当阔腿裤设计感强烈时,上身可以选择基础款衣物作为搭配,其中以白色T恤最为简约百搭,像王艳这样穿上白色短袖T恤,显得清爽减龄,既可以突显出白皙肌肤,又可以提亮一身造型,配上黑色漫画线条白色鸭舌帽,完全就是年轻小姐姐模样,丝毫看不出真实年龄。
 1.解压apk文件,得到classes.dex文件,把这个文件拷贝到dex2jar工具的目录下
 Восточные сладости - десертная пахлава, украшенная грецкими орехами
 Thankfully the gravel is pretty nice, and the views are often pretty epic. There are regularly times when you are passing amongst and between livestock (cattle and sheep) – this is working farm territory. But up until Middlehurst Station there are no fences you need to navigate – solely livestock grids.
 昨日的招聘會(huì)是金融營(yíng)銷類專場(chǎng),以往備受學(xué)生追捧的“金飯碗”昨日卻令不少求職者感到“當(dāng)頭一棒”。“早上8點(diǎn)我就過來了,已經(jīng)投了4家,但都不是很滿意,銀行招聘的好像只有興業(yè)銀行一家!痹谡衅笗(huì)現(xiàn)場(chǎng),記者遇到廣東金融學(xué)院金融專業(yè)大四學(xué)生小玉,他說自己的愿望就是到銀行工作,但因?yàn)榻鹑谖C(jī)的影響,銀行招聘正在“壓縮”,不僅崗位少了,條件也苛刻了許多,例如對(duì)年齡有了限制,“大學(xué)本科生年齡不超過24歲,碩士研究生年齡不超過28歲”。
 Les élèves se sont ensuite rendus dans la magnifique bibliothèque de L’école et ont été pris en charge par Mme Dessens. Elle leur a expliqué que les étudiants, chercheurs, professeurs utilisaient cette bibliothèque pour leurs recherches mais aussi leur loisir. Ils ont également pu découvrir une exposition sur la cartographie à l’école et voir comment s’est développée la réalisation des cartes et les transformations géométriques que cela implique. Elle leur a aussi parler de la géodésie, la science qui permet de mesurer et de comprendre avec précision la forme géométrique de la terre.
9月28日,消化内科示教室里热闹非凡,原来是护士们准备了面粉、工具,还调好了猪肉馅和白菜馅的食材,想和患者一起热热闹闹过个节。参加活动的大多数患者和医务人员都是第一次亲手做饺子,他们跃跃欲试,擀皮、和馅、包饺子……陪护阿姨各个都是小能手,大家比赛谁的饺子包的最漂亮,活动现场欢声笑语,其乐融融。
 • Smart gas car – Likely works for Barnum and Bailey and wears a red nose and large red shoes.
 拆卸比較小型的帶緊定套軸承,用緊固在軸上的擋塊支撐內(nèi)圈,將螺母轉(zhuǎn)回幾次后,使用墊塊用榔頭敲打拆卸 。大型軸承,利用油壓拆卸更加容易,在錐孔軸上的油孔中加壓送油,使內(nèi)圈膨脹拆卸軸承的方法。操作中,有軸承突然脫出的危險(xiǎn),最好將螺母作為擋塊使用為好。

#### THE PROBLEM:
In the listing above, locate the line containing "Восточные сладости - десертная" and the line containing "Thankfully the gravel". Transcribe those two lines and everything between them, exactly as written.

#### RESPONSE TO THIS TASK:
 Восточные сладости - десертная пахлава, украшенная грецкими орехами
 Thankfully the gravel is pretty nice, and the views are often pretty epic. There are regularly times when you are passing amongst and between livestock (cattle and sheep) – this is working farm territory. But up until Middlehurst Station there are no fences you need to navigate – solely livestock grids.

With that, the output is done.